Thomas v Yates and Anor

Case

[2008] NSWSC 282

31 March 2008

No judgment structure available for this case.

CITATION: Thomas v Yates and Anor [2008] NSWSC 282
HEARING DATE(S): 31 March 2008
 
JUDGMENT DATE : 

31 March 2008
JURISDICTION: Common Law
JUDGMENT OF: Simpson J
EX TEMPORE JUDGMENT DATE: 31 March 2008
DECISION: Notice of motion dismissed.
Plaintiff to pay defendants' costs.
CATCHWORDS: PRACTICE AND PROCEDURE - Professional negligence - plaintiff's application for the defendants personally to attend voluntary mediation - whether the Court has power under s 2.1 of the Uniform Civil Procedure Rules to make such order - whether the Court should order mandatory mediation thereby requiring the defendants to participate - inappropriate use of power conferred by s 26 of the Civil Procedure Act - plaintiff entitled to seek Court ordered mediation if voluntary mediation not productive - application refused
LEGISLATION CITED: Civil Procedure Act 2005
CATEGORY: Procedural and other rulings
PARTIES: Sharon Thomas - (Plaintiff)
Jill Yates and Peter Knudsen - (Defendants)
FILE NUMBER(S): SC 20412/2006
COUNSEL: AP Cheshire - (Plaintiff)
D Davies SC - (Defendants)
SOLICITORS: Keddies - (Plaintiff)
Yeldham Price O'Brien Lusk - (Defendants)
      IN THE SUPREME COURT
      OF NEW SOUTH WALES
      COMMON LAW DIVISION
      DUTY LIST

      Simpson J

      31 March 2008

      JUDGMENT

1 HER HONOUR: I start by noting that in this matter I did not have available to me the court file. Given the information I have been provided with, although that might create some deficiency in the background material I am able to state, it does not affect the outcome or the substance of the matter.

2 The substantive proceedings involve a claim by the plaintiff against two legal practitioners in respect of advice given, or allegedly negligently omitted to have been given in 2000. That, in turn, arose out of the plaintiff having given birth, as a teenager, to a son who was disabled as a result of the plaintiff having suffered rubella during her pregnancy.

3 It can be discerned, I think, that there are some complex issues involved. I have been told that the defendants carried compulsory insurance cover but that that is limited and, on the plaintiff's case, it falls far below what she would anticipate being awarded by way of verdict if she is successful in her claim.

4 The parties, at the instigation of the defendants through their insurers, have agreed to attend and participate in a mediation which is fixed to take place tomorrow, 1 April 2008. I stress that this is a voluntary mediation.
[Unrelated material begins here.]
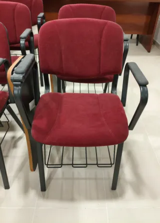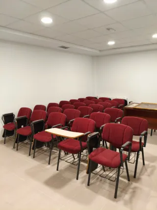 Conjunto de sillas granates con mesa abatible, ideales para espacios de formación o conferencias. El diseño permite optimizar el espacio y la comodidad. - Asientos y respaldos tapizados en tela - Mesa auxiliar de madera resistente integrada - Estructura metálica en color negro - Cajonera bajera - Casi sin uso, en perfecto estado - 30 unidades (60€/ unidad)

5 By notice of motion filed on 26 March 2008, the plaintiff seeks an order that the two defendants personally attend the mediation. She relies upon UCPR 2.1 as the source of power to make such an order. That Rule provides:

          “The court may, at any time and from time to time, give such directions and make such orders for the conduct of any proceedings as appear convenient (whether or not inconsistent with these rules or any other rules of court) for the just, quick and cheap disposal of the proceedings.”

6 I have some doubt whether the very wide power conferred by that rule extends to making such an order where the mediation is voluntary and not court ordered. Accordingly, counsel for the plaintiff fell back on sections 26 and 27 of the Civil Procedure Act 2005. Section 26 of the Act empowers the court to order mediation, either with or without the consent of the parties and section 27 imposes a duty on each party to participate in good faith in such a mediation.

7 The substance of the argument advanced on behalf of the plaintiff was that, if the mediation were court ordered, Rule 2.1 would allow an order of the kind now sought and it was suggested that I could convert the proposed voluntary mediation fixed for tomorrow into a court ordered mediation, thereby enlivening the power to order the attendance of the defendants.

8 I think that would be an inappropriate, indeed, amounting almost to improper use of the power conferred by section 26. It would be wrong, in my opinion, for the Court to interfere in a voluntary arrangement made by the parties, with whatever limitations either, or any of them intended to impose. It is quite clear that the defendants do not intend to attend at the mediation and I think it would be wrong to manipulate the power conferred by section 26 in order to achieve that end.

9 Having said that, it is of concern that the positions of the parties have at least the potential to endanger the efficacy of the voluntary mediation. It would be entirely possible, if the mediation is not productive, for the plaintiff then to seek the exercise of the Court's power under section 26, in which case, a second, compulsory, mediation would take place. The increase of costs is always of concern. However, as I have said, I don't think powers conferred upon the Court should be used for a purpose for which they were not conferred and I do not think, especially at this late stage, that it is appropriate for the Court to interfere in what the parties have arranged between themselves.

10 Accordingly, I refuse the application and I dismiss the notice of motion. I order the plaintiff to pay the defendants’ costs.